Разума на господство во всех сферах действительности, на роль универсального

основания человеческой деятельности и исторического процесса

безосновательными. Шопенгауэр, Ницше, Кьеркегор указали основные пути

критики рационализма, впоследствии многократно пройденные и повторенные

философами ХХ века (экзистенциализм, "философия жизни", интуитивизм,

прагматизм, фрейдизм и неофрейдизм и др.). Рационализм критиковался прежде

всего как мировоззренческая и методологическая установка, как модельный

образец организации общества и основных сфер человеческой практики,

человеческого поведения, как совокупность соответствующих идеалов и

ценностей. В связи с этим подверглись критике представления о человеке, как

существе рациональном par excellence, о разумной необходимости, якобы

направляющей действие исторических законов, о способности науки достигать

истинного и объективного знания.
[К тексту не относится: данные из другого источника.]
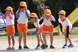 【 ピストル怖い~、耳をふさぐ保育所生 】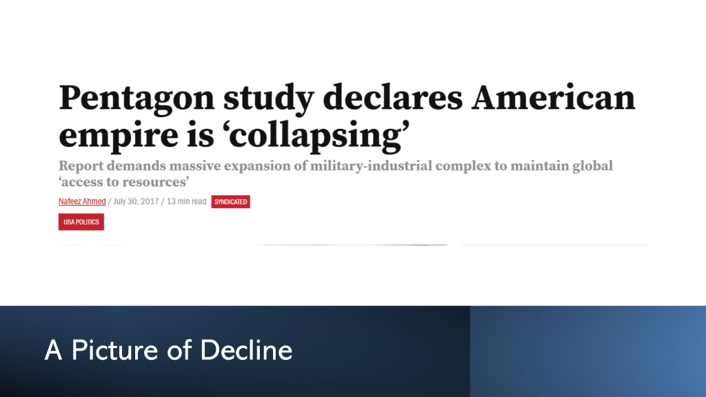 Ahmed, N. (2017, July 30). Pentagon study declares American empire is ‘collapsing’. Canadian Dimension. https://canadiandimension.com/articles/view/pentagon-study-declares-american-empire-is-collapsing

Гигантские общественные катастрофы ХХ века

(мировые войны, истребление народов, зашедшая в тупик нравственная эволюция

человечества, опасность самоуничтожения человечества, экологический коллапс)

стали рассматриваться как следствия претензий рационализма на доминантную

роль в мировой культуре (Хоркхаймер, Адорно), трактуемых как реализация

изначально присущего человеку стремления к господству и власти. В глазах

большинства критиков рационализм есть лишь созданная определенной культурной

традицией маска, за которой скрыта глубоко иррациональная человеческая

природа.

Отвечая на вызов критики, современный рационализм противопоставляет ей

ряд контраргументов, в совокупности представляющих собой попытку удержать

основные традиции европейской и мировой культуры от грозящего им разложения.
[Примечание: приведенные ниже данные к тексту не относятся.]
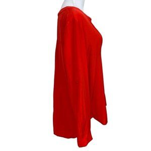 DIANE VON FURSTENBERG ESTI RED SILK ROLLED TAB SLEEVE BLOUSE, This is a super lightweigh 100% silk solid red / orange popover blouse featuring long rolled tab sleeves with one button fastening at cuffs - scoop hemline with a high low style - v-neckline, classic and timeless with a vibrant colorful pigmentation - wearable all year long from summer to winter at the office for a formal business look under a blazer with dress pants or just a jeans for a family dinner or shopping day with friends - wear it for the holiday's / christmas party or valentine's day with a high waist fitted skirt for a cocktail vibe. Versatile - go to blouse, must have.
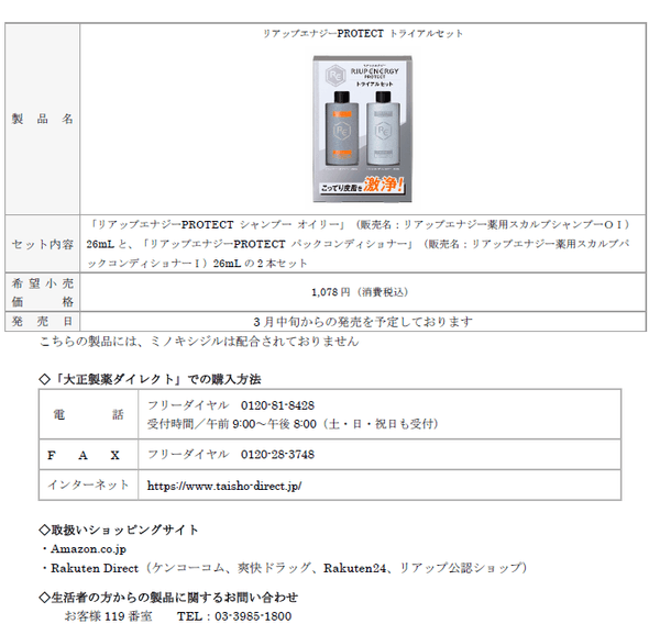 大正製薬株式会社[本社:東京都豊島区 社長:上原 茂](以下、当社)は、こってりとした皮脂を落とす男性向けスカルプケアシリーズ「リアップエナジーPROTECT シャンプー」「リアップエナジーPROTECT パックコンディショナー」(いずれも医薬部外品)を、2022年2月2日(水)より、当社通販サイト「大正製薬ダイレクト」などで新発売いたします。

Так, "критический рационализм" (Поппер и др.) основной акцент ставит на

способность Разума преодолевать любые заблуждения и выступать основой

демократического или "открытого общества"; причину общественных катаклизмов

следует видеть не в пороках рационализма, а напротив, в иррационализме,

неизбежно наступающем, когда Разум отступает со своих позиций и теряет

активных сторонников. Неорационализм (Башляр и др.) выступил за

реформирование рационализма в духе требований современной науки и техники

(за счет интеграции фундаментальных научных методов и изменения основной

стратегии научного познания в сторону понятийного конструирования

реальности, привлечения продуктивного воображения, творческой интуиции,

метафизических "инсайтов"); цель реформы - реинтеграция рационального

мышления и культуротворческой активности человека. Некоторые

технократические направления в социальной философии (Белл, Шельски, Гелбрейт

и др.), связаны с попытками создания новой парадигмы рационализма, в которой

принципы рациональности (в науке, технике, экономике, политике) сочетаются с

гуманистическими, религиозными и эстетическими ориентирами человеческой

деятельности.

Судьбы классической и неклассических версий рационализма неразрывно

связаны с исторической эволюцией европейской (а через нее - мировой,

общечеловеческой) культуры. Современный кризис культуры, по всей

вероятности, подошедшей к переломному моменту своей истории, серьезно

затрагивает основания рационализма, критика которого часто приобретает

контркультурный характер. Поэтому современный рационализм, отвечая на вызов

времени, эволюционирует к большей адаптивности, ассимилирует диалогические

формы взаимодействия культур, отказывается от чрезмерной жесткости и

априорности своих границ - и вместе с тем настаивает на основополагающей

роли рациональных начал человеческого Бытия.